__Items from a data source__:
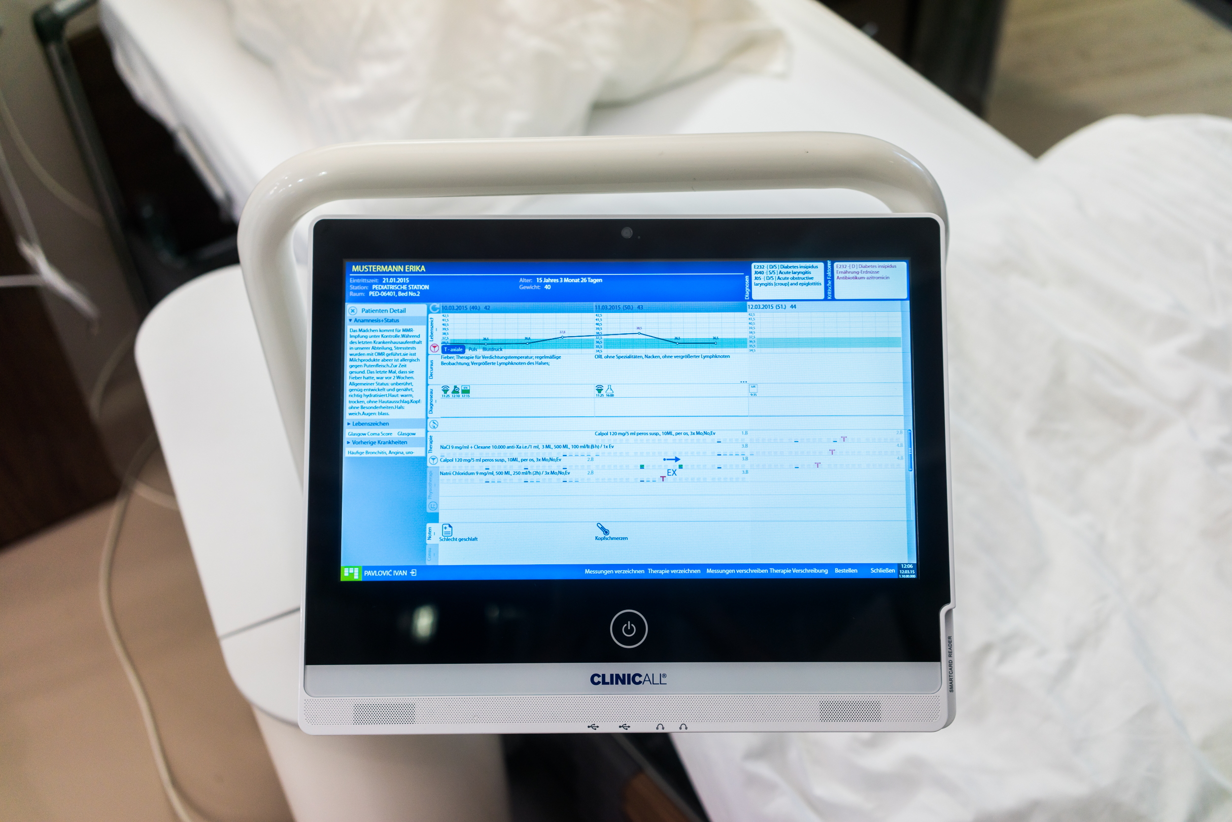 Parallel dazu hat das medizinische Personal über dasselbe Bedside-Terminal - in einem geschützten Bereich - direkten Zugriff auf alle relevanten medizinischen Daten. Dies ermöglicht eine nahtlose Hilfe und Unterstützung während der gesamten medizinischen Therapie, und Behandlung für alle beteiligten Mitarbeiter. Denn Dank der flexiblen Dokumentation und Datenbereitstellung hat jeder Mitarbeiter direkt bei dem entsprechenden Patienten Zugriff auf aktuellste medizinische Informationen, was im Notfall Leben retten kann.
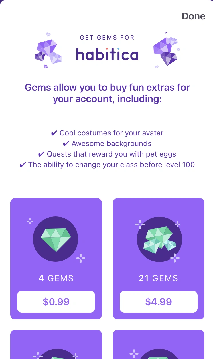- Bugs & Fixes / Get Help : The "Bugs & Fixes" option addresses common issues that new or experienced Habitica users might have. Tapping the big purple "Get Help" button takes you to a screen with a list of known issues、 some common fixes、 and finally the option to "Report a Bug". Note: The "Report a Bug" option only works if you have email configured on your phone. If you don't、 it will tell you the email address to use instead.
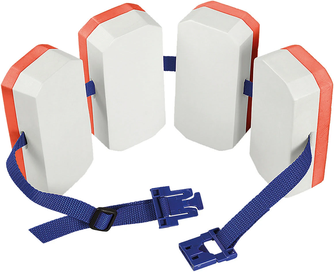 Die vier Auftriebskörper der tollen Schwimmhilfe von BEMA sorgen für gleichmäßigen Auftrieb, so kann sich Ihr Kind leicht über Wasser halten und sich allein auf die Bewegungsabläufe des Schwimmens konzentrieren. Der Schwimmgürtel bietet volle Bewegungsfreiheit. Auch an Land ist er bequem zu tragen und muss zum Spielen nicht immer abgelegt werden. Dank des Sicherheitsverschlusses kann der Gürtel sich nicht zufällig lösen oder vom Kind geöffnet werden. Nun können die warmen Tage wieder kommen – der Badespaß ist garantiert! Die Schwimmkörper sind PVC-frei und können an das Gewicht Ihres Kindes sowie dessen Schwimmfortschritt einfach angepasst werden. So können Sie durch das Abziehen, der Auftriebskörper die Unterstützung für das Kind reduzieren. Der Nylongurt ist an die Größe Ihres Kindes durch einfaches Ziehen passgenau einstellbar und gewährleistet damit einen sicheren Halt auch im Wasser.
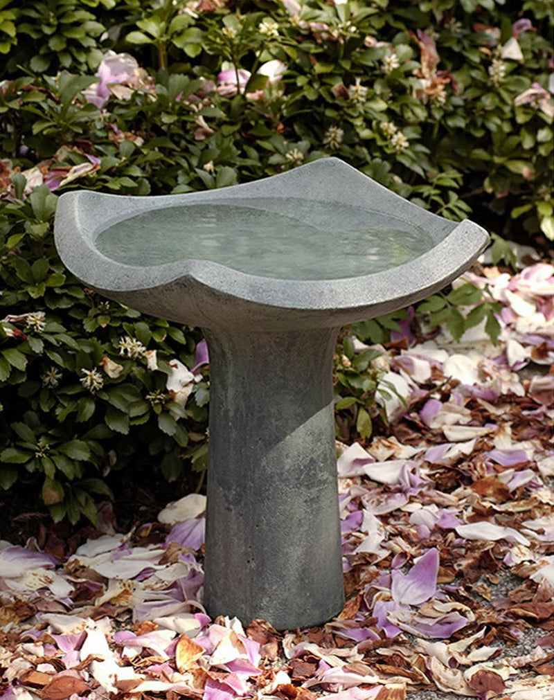 Cleaning Instructions: Campania’s cast stone birdbaths can be cleaned with diluted vinegar and water or with any commercially available mild detergent. Use a soft cloth, sponge, or brush. Do not pressure wash, apply corrosive cleaners or clean with anything abrasive. Note that it may take several cycles of wiping and drying before the birdbath is completely clean. Cast stone contains salts that may effloresce over time. You will notice a fine white powdery coating on the surface of the cast stone if the efflorescence is present in your product. If you wish to remove the salt deposits, Campania can recommend an appropriate an efflorescence cleaner.
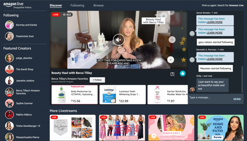 亚马逊直播功能 图源:Amazon
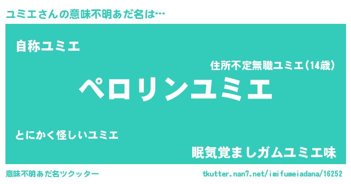 | 胡散臭い通販商品みたいなあだ名 | 『モテモテ間違いなし霊験あらたかなお札…その名も「ユミエ」』 |
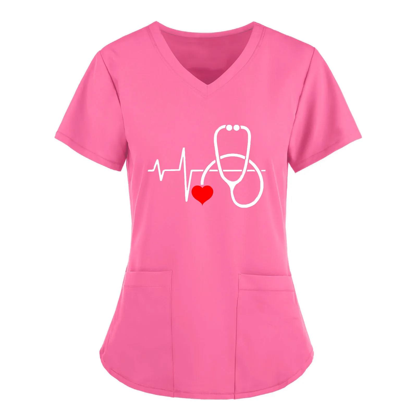 Униформа медсестры с рисунком размера плюс, женские топы с коротким рукавом и V-образным вырезом, однотонная Рабочая Униформа с карманами аксессуары для медсестер
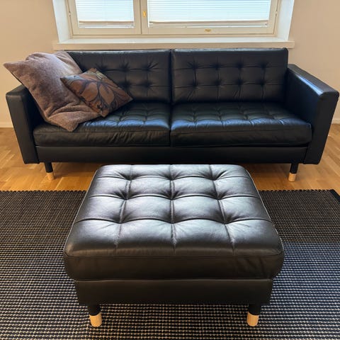 Aito nahkasohva sähkömekanismilla, myös selkänojat kääntyvät. Toisessa mekanismissa jokin kosketushäiriö ei aina toimi heti kun painaa nappia, ollut uudesta asti samanlainen mutta ei ole haitannut käyttöä joten en ole itse jaksanut asiaa tutkia. Sohvan leveys n. 165cm ja syvyys 80cm. Kuvissa hieman likainen. Muuten siistissä kunnossa ja tukeva sekä hyvä istua eikä ole kulunut kun ollut vähällä käytöllä. Pystyy kuljettamaan kahdessa osassa.
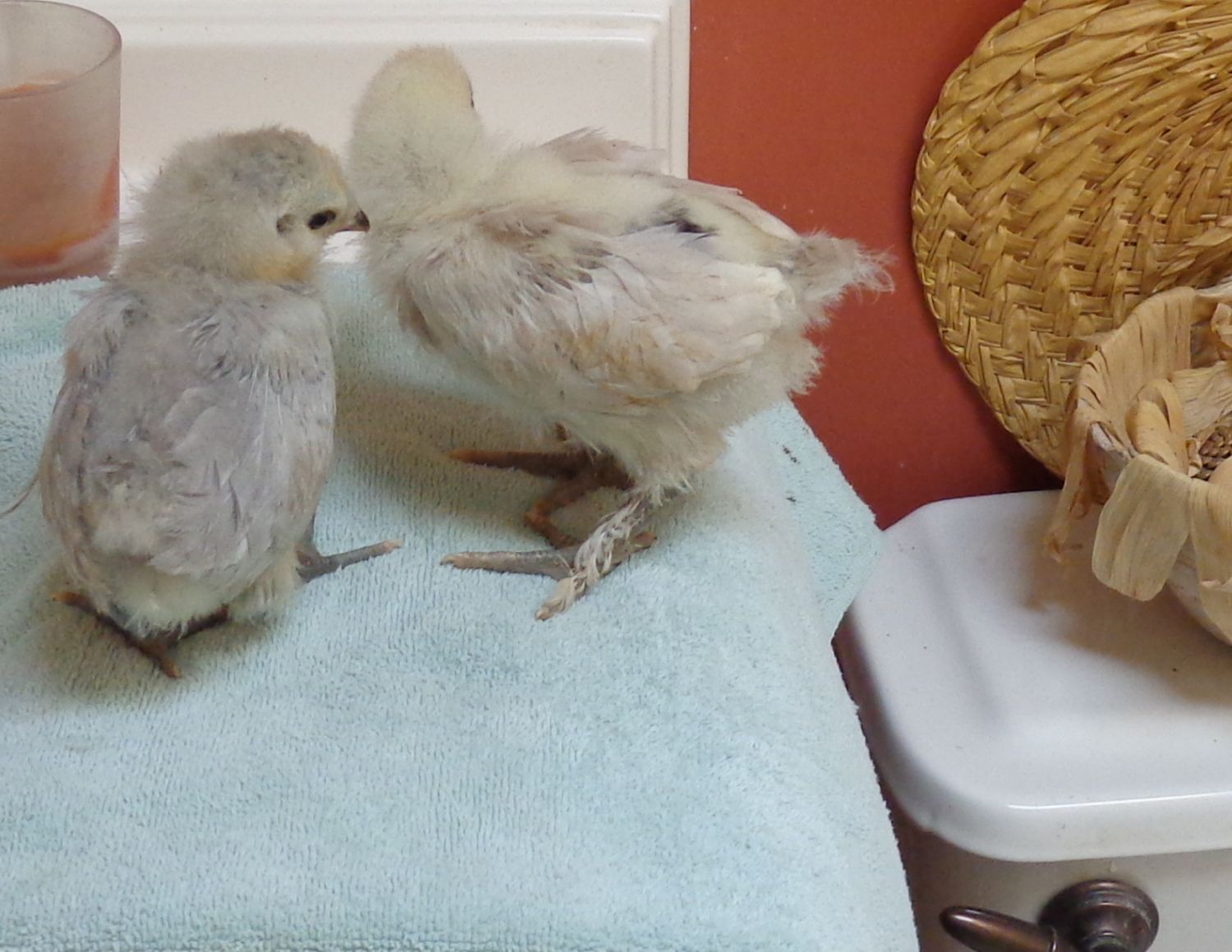 These are my not so Traditional EEs they will have straight combs and no beard or muffs, Though they do have feathered legs and may develop a crest. These chicks are a cross between a Crested Cream Legbar Rooster x Silver Laced Cochin Hen. They are 3 1/2 weeks old now but only 2 weeks in the pics
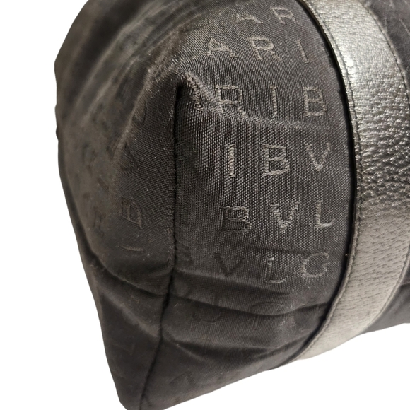Authentic Bvlgari Canvas Monogram Tote with Leather Trim Black
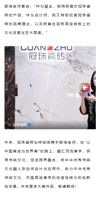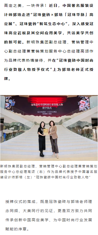 官宣 | 中國(guó)著名服裝設(shè)計(jì)師郭培出任“冠珠瓷磚中國(guó)時(shí)尚行業(yè)致敬人物”,高定之美一塊傳承!
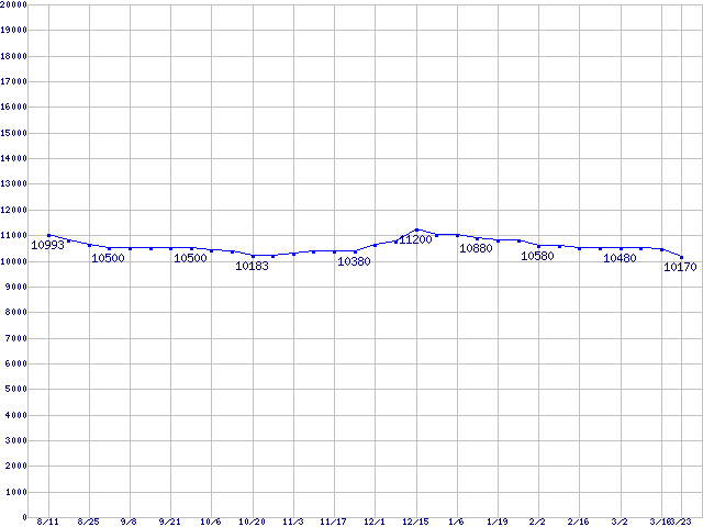 | WD Caviar[Special Edition] (7200rpm,Ultra ATA/100,8MB)の最安値推移 | | | (2005年8月11日~2006年3月23日) |
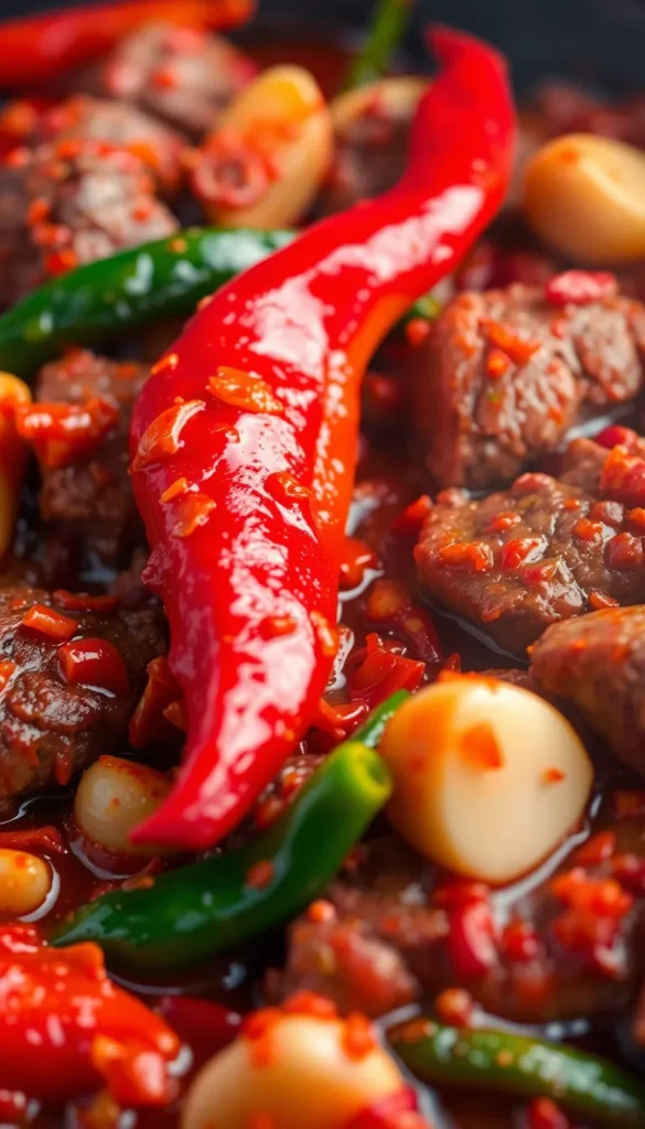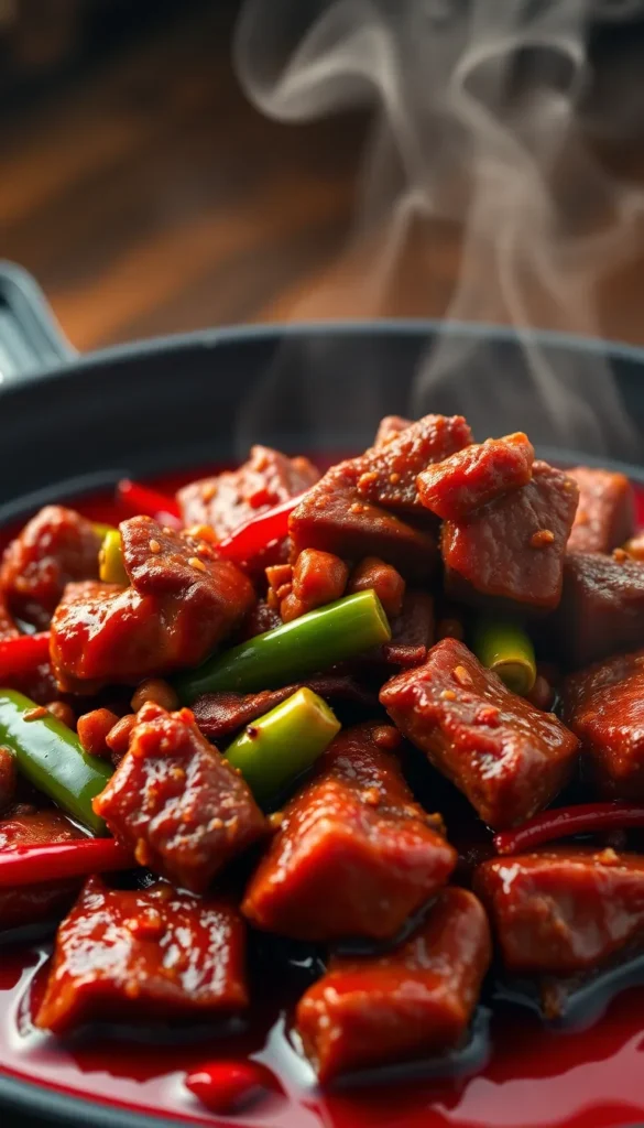 Instructions: Toast peppercorns, stir-fry with beef and peppers, finish with chili oil.
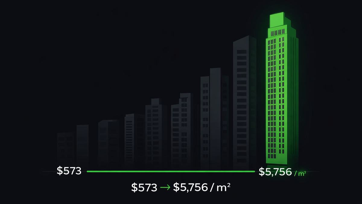 Esa diferencia se refleja en la dispersión. Santa María abre un abanico amplio de precios —desde US$2,800/m² hasta más de US$3,500/m²— mientras Costa del Este mantiene una banda definida entre US$1,200 y US$2,600/m². No apunta al segmento de lujo: se consolida en la franja media, donde la profundidad de demanda es mayor.
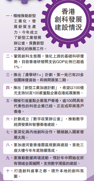 此外,孫東認為本港的創科發展亦要繼續發揮「背靠祖國、聯通世界」的優勢,進一步思考和探索香港如何服務於國家整體戰略,尤其在「引進來、走出去」方面。他舉例說,在「一帶一路」建設、國家建立全球化產業體系的過程中,香港應積極承擔樞紐作用。
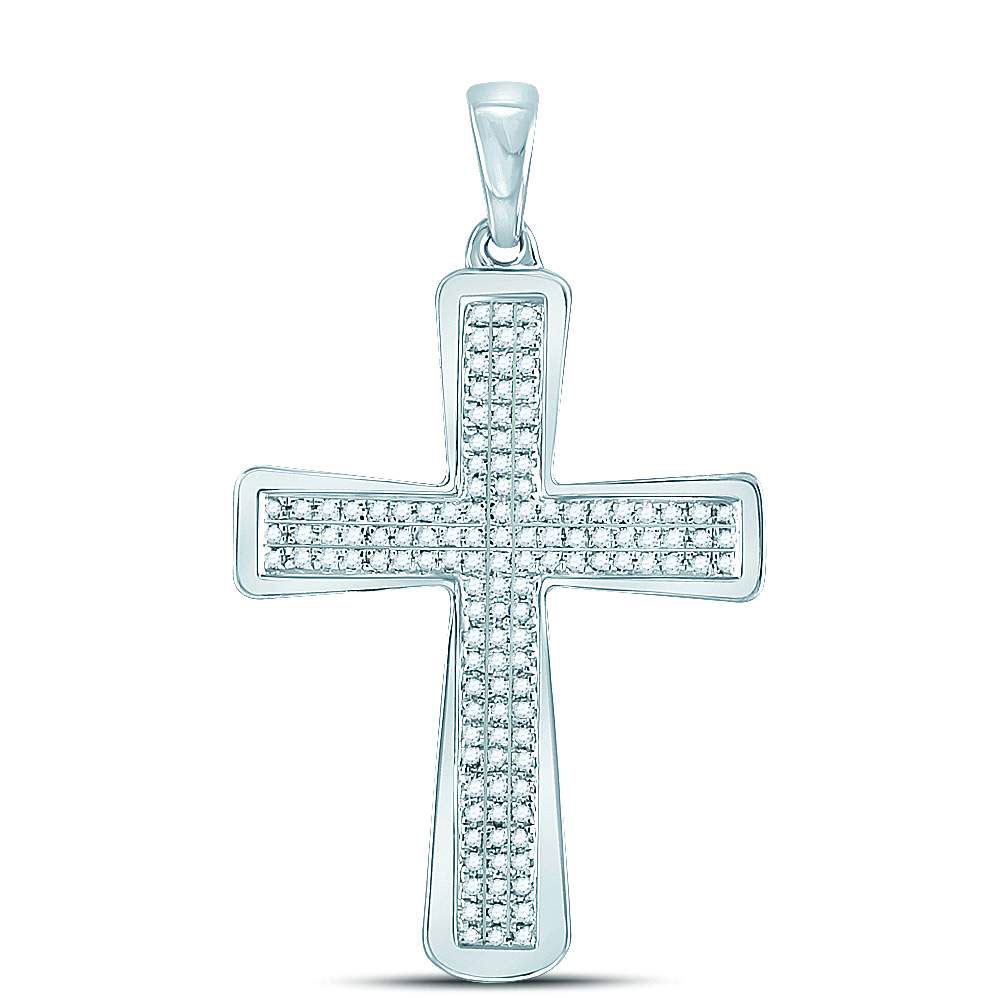 REF-26K3R ---- 1/3 CTW Mens Round Diamond Roman Cross Charm Pendant 10kt White Gold

__Exercise directions__:
Above, find the line with "Aito nahkasohva sähkömekanismilla, myös"; copy it and every line down to the line with "These are my", exactly and both included, but no pictures.

__Answer to the problem__:
 Aito nahkasohva sähkömekanismilla, myös selkänojat kääntyvät. Toisessa mekanismissa jokin kosketushäiriö ei aina toimi heti kun painaa nappia, ollut uudesta asti samanlainen mutta ei ole haitannut käyttöä joten en ole itse jaksanut asiaa tutkia. Sohvan leveys n. 165cm ja syvyys 80cm. Kuvissa hieman likainen. Muuten siistissä kunnossa ja tukeva sekä hyvä istua eikä ole kulunut kun ollut vähällä käytöllä. Pystyy kuljettamaan kahdessa osassa.
 These are my not so Traditional EEs they will have straight combs and no beard or muffs, Though they do have feathered legs and may develop a crest. These chicks are a cross between a Crested Cream Legbar Rooster x Silver Laced Cochin Hen. They are 3 1/2 weeks old now but only 2 weeks in the pics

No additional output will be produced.